Сплошной разврат, стр. 55

— Не упрощайте Сашу, — возразил Иратов. — Он, конечно, догадается, что кампанию против него организовал я, больше некому. Мы же — основные конкуренты на выборах.

— И что? — Я действительно не понимала, куда Иратов клонит. — Догадается, допустим, и что?

— И начнет войну против меня.

— Он уже начал, вы не почувствовали? Причем начал с запрещенных приемов. Он вам могилу роет, а вы хотите стоять со смиренной улыбкой на краю и рассуждать о благородстве? Он хотел, чтобы вас заподозрили в убийстве. Он, вполне возможно, сам убийца.

— Он сорвал мне визит президента, — обиженно сказал Иратов. — И переманил моего пресс-секретаря.

— Вот видите! — торжествуя, воскликнула я. — От такого человека можно ждать чего угодно!

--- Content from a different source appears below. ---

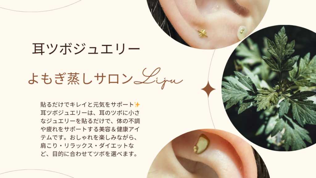 サービス内容 よもぎ蒸しで体を芯から温め血流を良くした後、耳ほぐしと耳ツボジュエリーでダイエット・肩こり・リラックスにアプローチ。 施術の流れ 1. よもぎ蒸し(40分)で身体を芯から温める 2. 耳ほぐしケア(約5分) 3. 耳ツボジュエリー貼付 1. 体験コース(両耳4〜6粒) • 施術時間:約20分(耳ほぐし5分+ジュエリー貼付15分) • 内容:耳をほぐして血流を整え、ダイエット・肩こり・リラックスなどの耳ツボを体験 注意事項 以下に該当する方は施術を控えさせていただきます。 • 発熱・炎症・感染症など、体調がすぐれない方 • 耳や皮膚にキズ・かぶれ・湿疹などがある方 • 絆創膏・テープ・重度のチタン・金属アレルギーのある方 • 妊娠中・授乳中の方 ※当店のジュエリーは、金属アレルギーが起こりにくい金粒・チタン・シールを使用しています。 ■キャンセルに関して:キャンセルの際は、ご連絡をお願いいたします。

Вы не нападаете, вы защищаетесь, потому что вас загнали в пятый угол и не оставили путей к отступлению!

— В принципе да, — с мукой в голосе промямлил Иратов. — Хотя…

— Никаких «хотя», — отрезала я.

— В одной умной книжке написано: если тебя ударили по одной щеке — подставь другую, — грустно и невпопад сказал Иратов.

— Это очень старая книжка, — махнула рукой я. — Многие ее читали, и ни к чему хорошему это не привело. К тому же вас не просто шлепнули по лицу, а пытались уничтожить. Почувствуйте разницу. И хватит притворяться умирающим лебедем, вы ведь тоже акула из политического пруда. О народе подумайте, в конце концов. Вы вообще-то знаете, как живет народ?

— Что? — Иратов с удивлением уставился на меня. — В каком смысле?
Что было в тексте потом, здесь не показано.